• [Problem details]: Copy, word for word, the opening line of the data and each line after it until the line that contains "Dubbele fietstas, Universal", which is included. Leave the pictures out.
(Records for this exercise)
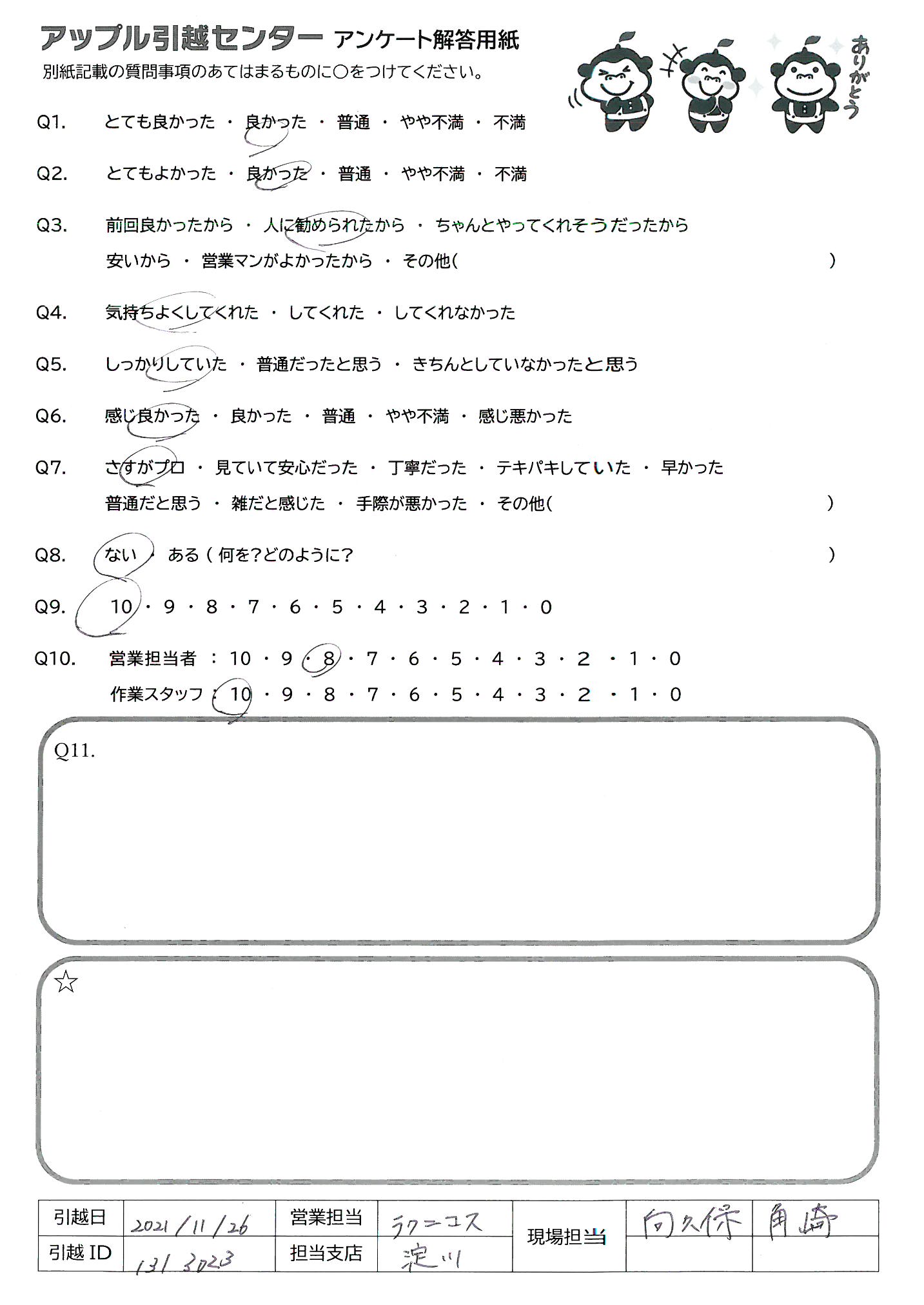 引越し日:2021年11月26日 エリア:熊本県熊本市北区
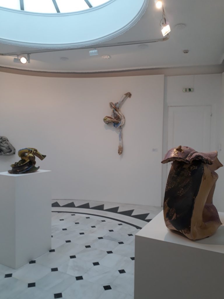 Η έκθεση περιλαμβάνει τρία σημαντικά ιστορικά εκθέματα που παραχώρησε το Μουσείο Κυκλαδικής Τέχνης, και τα οποία συνομιλούν με την τέχνη της αρμονικά.
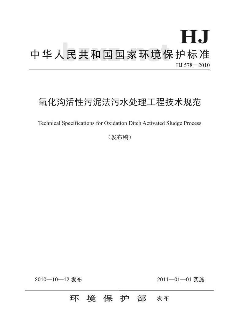 - HJ 578-2010 氧化沟活性污泥法污水处理工程技术规范
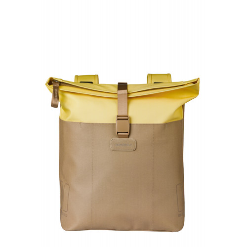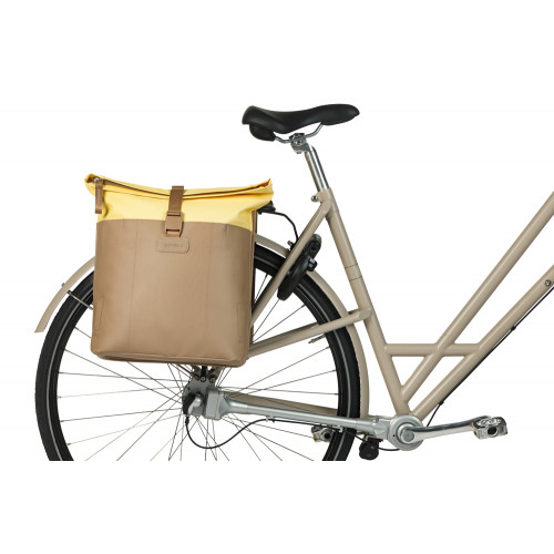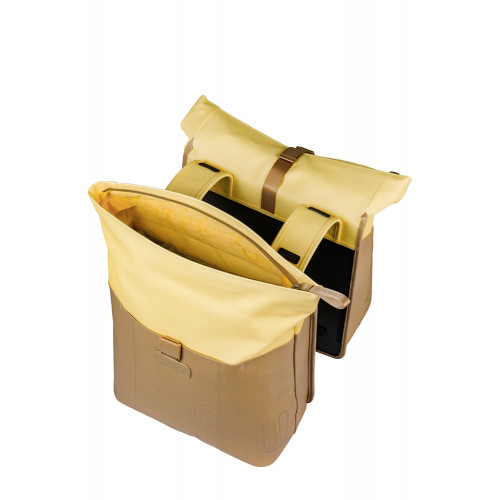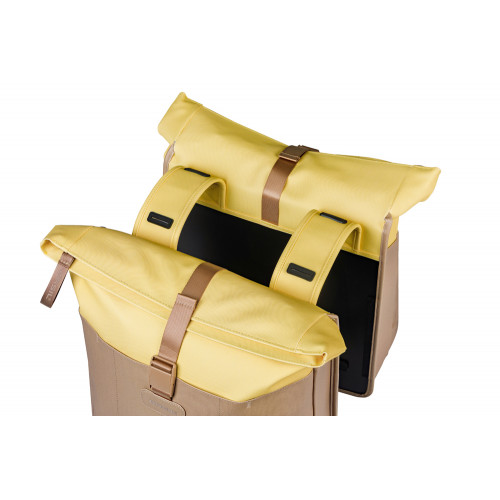 Dubbele fietstas, Universal Bridge (geschikt voor MIK en Racktime platen), 28-35L, gerecycled PET, hoofdvak waterdicht, waterkerende vouwsluiting met gesp, buitenvakken, banden met klittenband, reflectie, reparatierits, zand/geel
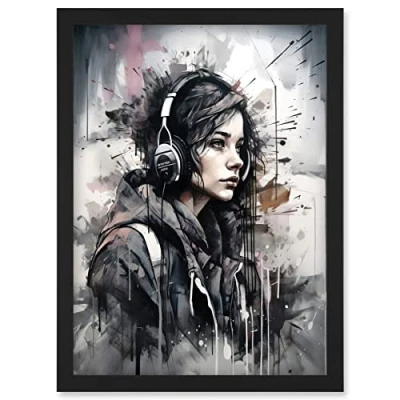 Artery8 Teenager Girl in Black Hoodie Listening to Music through Headphones Modern Watercolour Painting Artwork Framed Wall Art Print A4
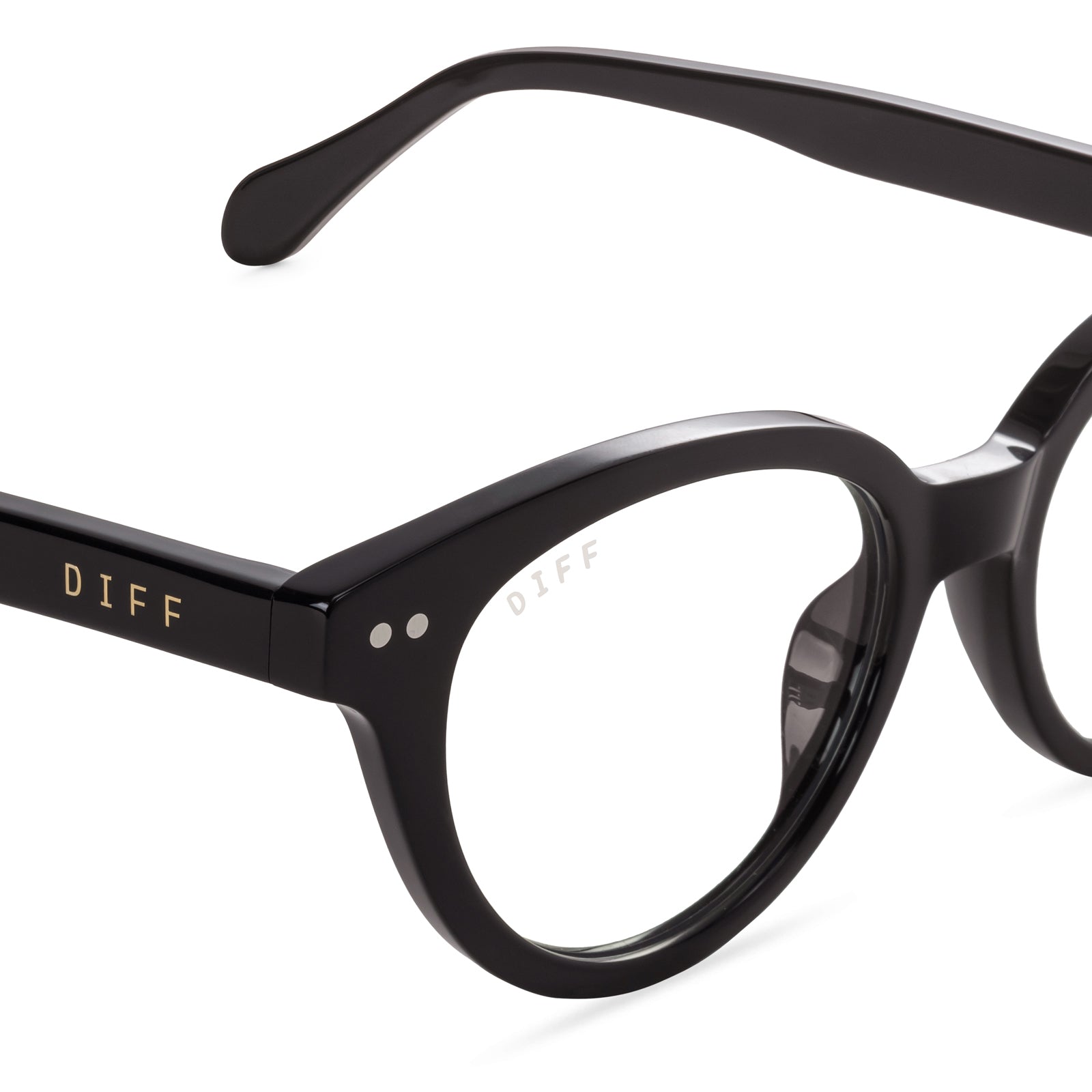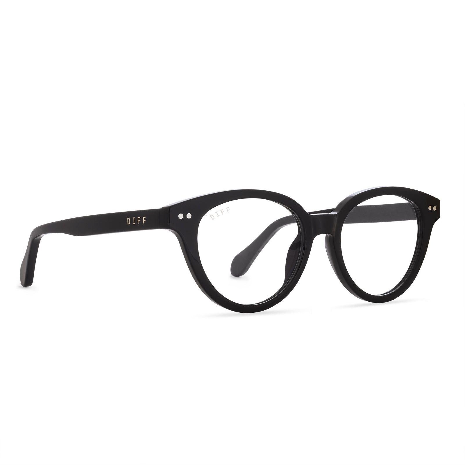 Scroll freely with the help of our Carly blue light blocking glasses, featuring a chic rounded shape and rivet details.
(End Records for this exercise)
• [Solution to this problem]:
 引越し日:2021年11月26日 エリア:熊本県熊本市北区
 Η έκθεση περιλαμβάνει τρία σημαντικά ιστορικά εκθέματα που παραχώρησε το Μουσείο Κυκλαδικής Τέχνης, και τα οποία συνομιλούν με την τέχνη της αρμονικά.
 - HJ 578-2010 氧化沟活性污泥法污水处理工程技术规范
 Dubbele fietstas, Universal Bridge (geschikt voor MIK en Racktime platen), 28-35L, gerecycled PET, hoofdvak waterdicht, waterkerende vouwsluiting met gesp, buitenvakken, banden met klittenband, reflectie, reparatierits, zand/geel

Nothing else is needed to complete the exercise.